Condition or Disease Intervention/Treatment Phase
Phase 2

Study Design

Study Type:
Interventional
Actual Enrollment :
34 participants
Allocation:
N/A
Intervention Model:
Single Group Assignment
Masking:
None (Open Label)
Primary Purpose:
Treatment
Official Title:
A Multicenter, Single-Arm, Phase II Study to Evaluate the Efficacy and Safety of Rituximab Plus Fludarabine and Cyclophosphamide (FCR) as First-Line Treatment in Patients With B-Cell Chronic Lymphocytic Leukemia (CLL)
Study Start Date :
Feb 1, 2006
Actual Primary Completion Date :
Dec 1, 2014
Actual Study Completion Date :
Dec 1, 2014

Arms and Interventions

Arm Intervention/Treatment
Experimental: Rituximab + Fludarabine + Cyclophosphamide

Participants will receive rituximab (375 milligrams per meter-squared [mg/m^2] intravenously [IV]) on Cycle 1 Day 1, followed by fludarabine (25 mg/m^2 once daily IV) and cyclophosphamide (250 mg/m^2 once daily IV) for Days 2 to 4 of Cycle 1. Then rituximab (500 mg/m^2 IV) will be administered on Day 1 of Cycles 2 to 6, followed by IV fludarabine (25 mg/m^2 once daily IV) and cyclophosphamide (250 mg/m^2 once daily IV) on Days 1 to 3 of Cycles 2 to 6. Each cycle will be 28 days or 4 weeks in length, and the overall duration of treatment will be approximately 6 months.

Drug: Cyclophosphamide
Cyclophosphamide will be administered IV at 250 mg/m^2/day on Day 2-4 of Cycle 1 and then on Day 1-3 of Cycles 2 to 6. Each cycle will be 28 days or 4 weeks in length.

Drug: Fludarabine
Fludarabine will be administered IV at 25 mg/m^2/day on Day 2-4 of Cycle 1 and then on Day 1-3 of Cycles 2 to 6. Each cycle will be 28 days or 4 weeks in length.

Drug: Rituximab
Rituximab will be administered IV at 375 mg/m^2 on Day 1 of Cycle 1 and then at 500 mg/m^2 on Day 1 of Cycles 2 to 6. Each cycle will be 28 days or 4 weeks in length.
Other Names:
  • MabThera/Rituxan
  • Outcome Measures

    Primary Outcome Measures

    1. Percentage of Participants With Death or Disease Progression [Up to 5 years (from Baseline until disease progression or death, whichever occurred first)]

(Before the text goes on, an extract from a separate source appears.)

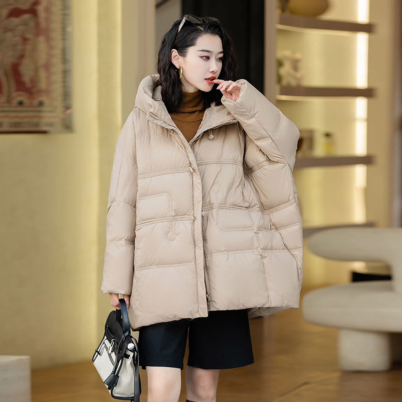 90%ホワイトダックダウン高密度ダウンジャケット レディース 2025冬新作 パフ感 ゆったり フード付き 厚手 パンコート トレンド

      Treatment response was monitored throughout the study and assessed using standardized criteria. Disease progression was defined as the occurrence of at least one of the following: greater than or equal to (≥) 50 percent (%) increase in the longest diameter of at least two enlarged lymph nodes, increase in spleen and/or liver size by at least 2 centimeters (cm) from Baseline as determined by measurement below the costal margin, or ≥50% increase in the number of circulating lymphocytes. The percentage of participants with death or documented disease progression at any time during the study was calculated.

    2. Progression-Free Survival (PFS) [Up to 5 years (from Baseline until disease progression or death, whichever occurred first)]

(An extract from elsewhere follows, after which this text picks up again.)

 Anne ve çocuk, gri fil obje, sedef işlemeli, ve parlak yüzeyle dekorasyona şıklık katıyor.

      Treatment response was monitored throughout the study and assessed using standardized criteria. Disease progression was defined as the occurrence of at least one of the following: ≥50% increase in the longest diameter of at least two enlarged lymph nodes, increase in spleen and/or liver size by at least 2 cm from Baseline as determined by measurement below the costal margin, or ≥50% increase in the number of circulating lymphocytes. PFS was defined as the time from study inclusion until first event of disease progression or death and was estimated using Kaplan-Meier analysis.

    3. Percentage of Participants Who Died [Up to 5 years (from Baseline until death)]

      Participants were followed for survival throughout the study. The percentage of participants who died of any cause during the study was calculated.

    4. Overall Survival (OS) [Up to 5 years (from Baseline until death)]

      Participants were followed for survival throughout the study. OS was defined as the time from study inclusion until death from any cause and was estimated using Kaplan-Meier analysis

    5. Percentage of Participants With Complete Response (CR), Nodular Partial Response (nPR), or Partial Response (PR) [Up to 4 years (assessed every 3 months during 6-month treatment period, every 2 months during 6-month safety follow-up, then every 3 months during 3-year safety follow-up)]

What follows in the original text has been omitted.